━━━ Information given

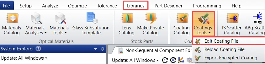 点击数据库 (Libraries) > 膜层工具 (Coatings Tools) > 编辑膜层文件 (Edit Coating File) 打开镀膜文件 COATING.DAT。文件中包含多种简单的理想膜层,但是其中并没有符合我们在前文中假设的透射和反射比的膜层。
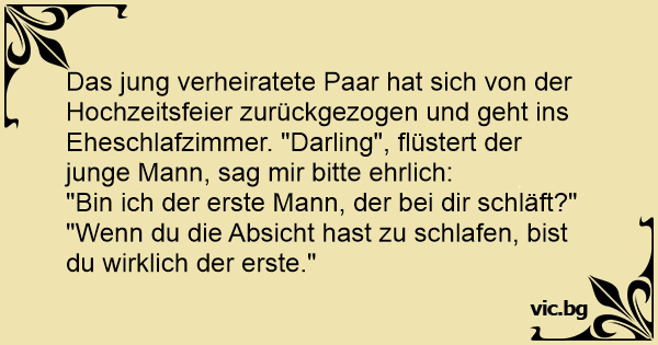 Das jung verheiratete Paar hat sich von der Hochzeitsfeier zurückgezogen und geht ins Eheschlafzimmer. "Darling", flüstert der junge Mann, sag mir bitte ehrlich:
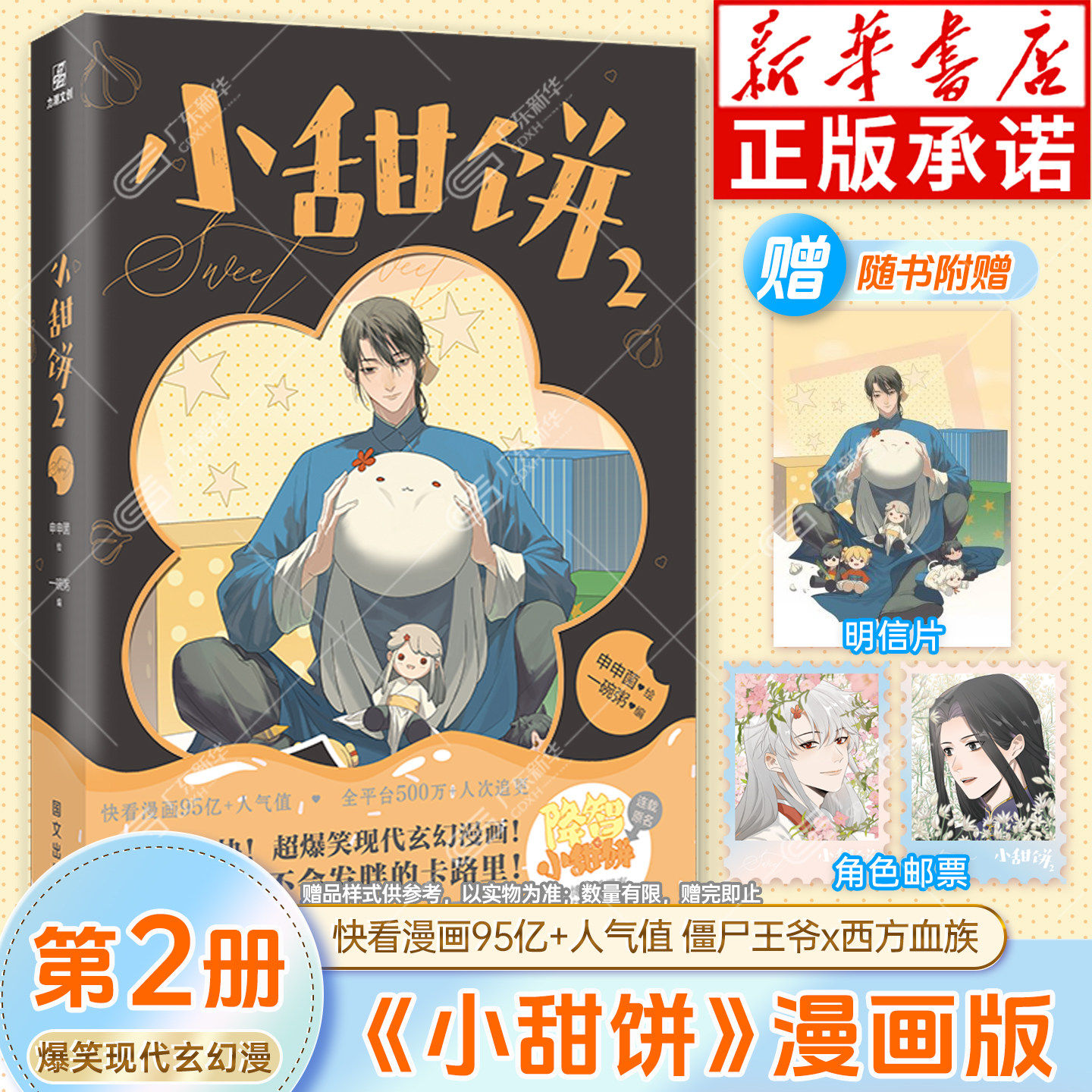 📚 【赠明信片+邮票×2】小甜饼漫画第2册 申申菌/绘 一碗粥/编 快看漫画95亿+人气值 僵尸王爷x西方血族 爆笑现代玄幻漫画
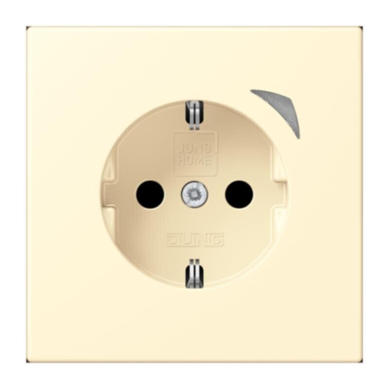 JUNG HOME Schutzkontakt® Steckdose, blanc mit integriertem erhöhten Berührungsschutz (Safety Plus) mit Schraubklemmen für starre und flexible Leiter bis 2,5 mm2 Verbindungsklemmen nach DIN VDE 0620 Tragring, Krallen und Krallenschrauben sind über eine Erdungsschiene in die Schutzmaßnahme eingebunden. Bestimmungsgemäßer Gebrauch Manuelles oder automatisches Schalten von Beleuchtung und haushaltsüblichen Geräten Drahtlose Verknüpfung mit Geräten des JUNG HOME Systems Einsatz im trockenen Innenbereich Montage in Gerätedose mit Abmessungen nach DIN 49073 Tiefe der Gerätedose (Innenmaß): min. 53 mm   Produkteigenschaften Inbetriebnahme und Bedienung über JUNG HOME App mit mobilem Endgerät (Smartphone oder Tablet) über Bluetooth® Taste zum Schalten Mehrfarbige Statusanzeige mit optionalem Nachtmodus Sperren der lokalen Bedienung Bis zu 16 Zeitprogramme Einbindung der Last in Bereiche (Gruppen), Zentralfunktionen und Szenen Automatikfunktionen aktivieren/deaktivieren über JUNG HOME App Automatische Datum- und Uhrzeitaktualisierung bei Verbindung mit Smartphone Integrierter Schaltaktor mit 16 A Bluetooth® SIG Mesh für voll verschlüsselte drahtlose Kommunikation und Repeaterfunktion Updatefähig über JUNG HOME App Zukünftig per Update verfügbar: (Hinweise zu Updates und Terminen finden sie unter jung.group/junghome) Sperr- und Zwangsführung: Dauer-EIN/AUS oder für feste Zeit EIN/AUS Zeitprogramme mit Sonnenauf- bzw. Sonnenuntergang (Astrotimer) Zeitprogramme mit Zufallszeitpunkt Ein-/ Ausschaltverzögerung Material: Thermoplast lackiert Maße (B x H): 70 x 70 mm
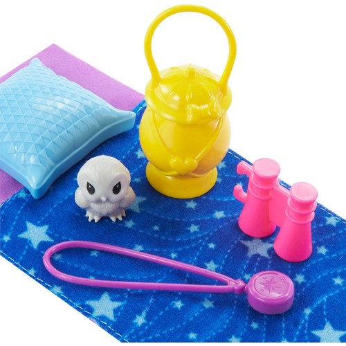 Kutu İçeriği: Bahçıvan tulumu ve ayakkabı giyen Chelsea Bebek (15 cm), 1 adet baykuş figürü, 1 adet uyku tulumu, 1 adet yastık, 1 adet pusula, 1 adet dürbün ve 1 adet fener içerir..
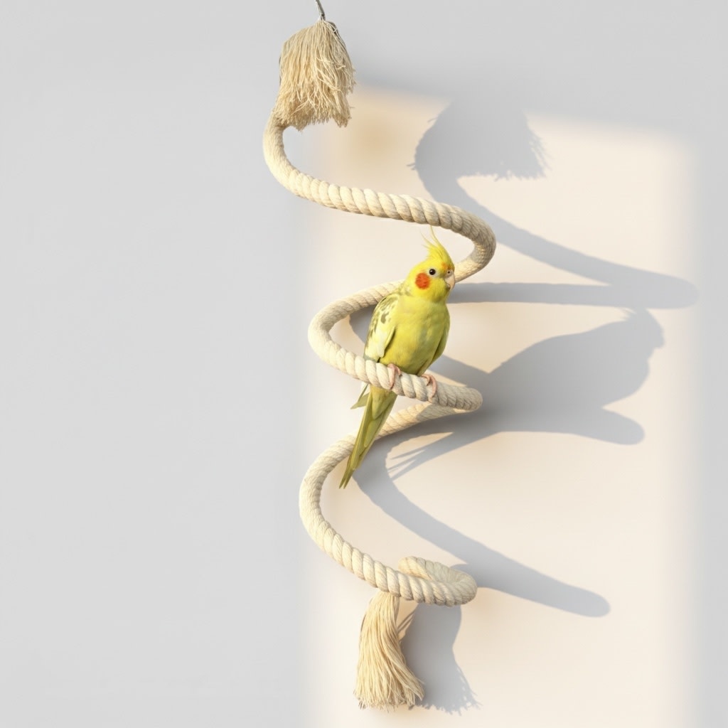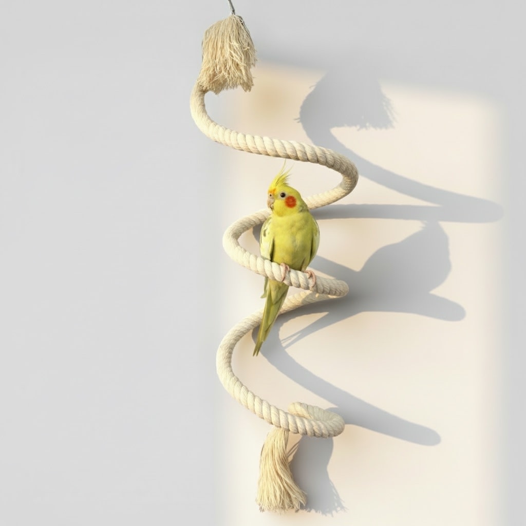 Natural cotton boing perch measuring 1/2" x 36". Soft, flexible, and gently bouncy for fun movement and foot health. Ideal for budgies, cockatiels, conures, parrotlets, and other small birds.
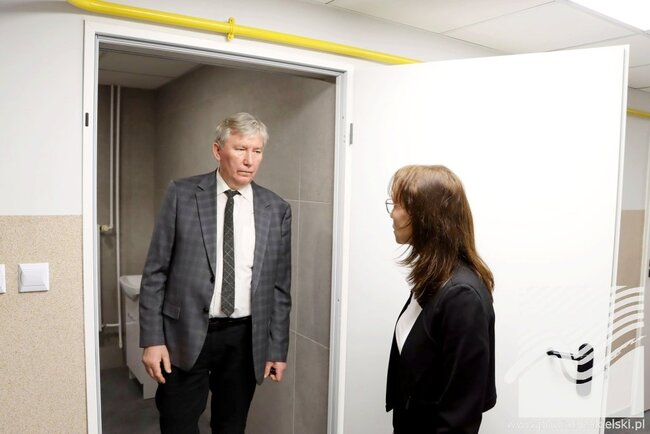 23 lutego odbył się odbiór zmodernizowanego zaplecza# magazynowego w internacie I Liceum Ogólnokształcącego im. Bolesława Krzywoustego w Nakle nad Notecią. Inwestycja objęła kompleksową modernizację pomieszczeń piwnicy, które stanowią zaplecze stołówki i kuchni internatu.
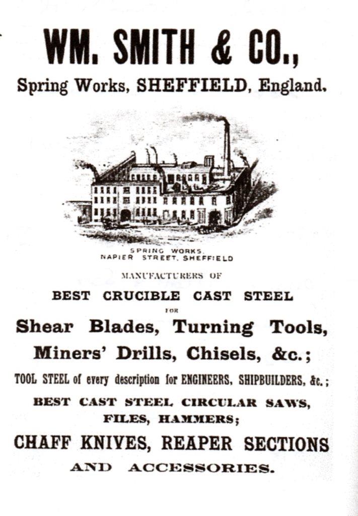 William Smith (1847 - 1915) was born at Knaresborough, possibly the son of Stephen (a police constable) and his wife, Mary. He worked as a merchant's clerk and then a commercial traveller.On 20 August 1887, The Sheffield Independent, advertised the sale of Spring Works at Napier Street / Renton Street, with its two / three storey block of workshops, warehouses and dwelling house (though apparently no steel furnace). In 1887. Smith, occupied the factory. In the 1890s, he advertised crucible cast steel circular saws, files....

━━━━━━

* **What to produce**
Write out the lines from the start of the material to the line with "快看漫画95亿+人气值 僵尸王爷x西方血族 爆笑现代玄幻漫画", inclusive and exactly. Skip the pictures.

* **Result**
 点击数据库 (Libraries) > 膜层工具 (Coatings Tools) > 编辑膜层文件 (Edit Coating File) 打开镀膜文件 COATING.DAT。文件中包含多种简单的理想膜层,但是其中并没有符合我们在前文中假设的透射和反射比的膜层。
 Das jung verheiratete Paar hat sich von der Hochzeitsfeier zurückgezogen und geht ins Eheschlafzimmer. "Darling", flüstert der junge Mann, sag mir bitte ehrlich:
 📚 【赠明信片+邮票×2】小甜饼漫画第2册 申申菌/绘 一碗粥/编 快看漫画95亿+人气值 僵尸王爷x西方血族 爆笑现代玄幻漫画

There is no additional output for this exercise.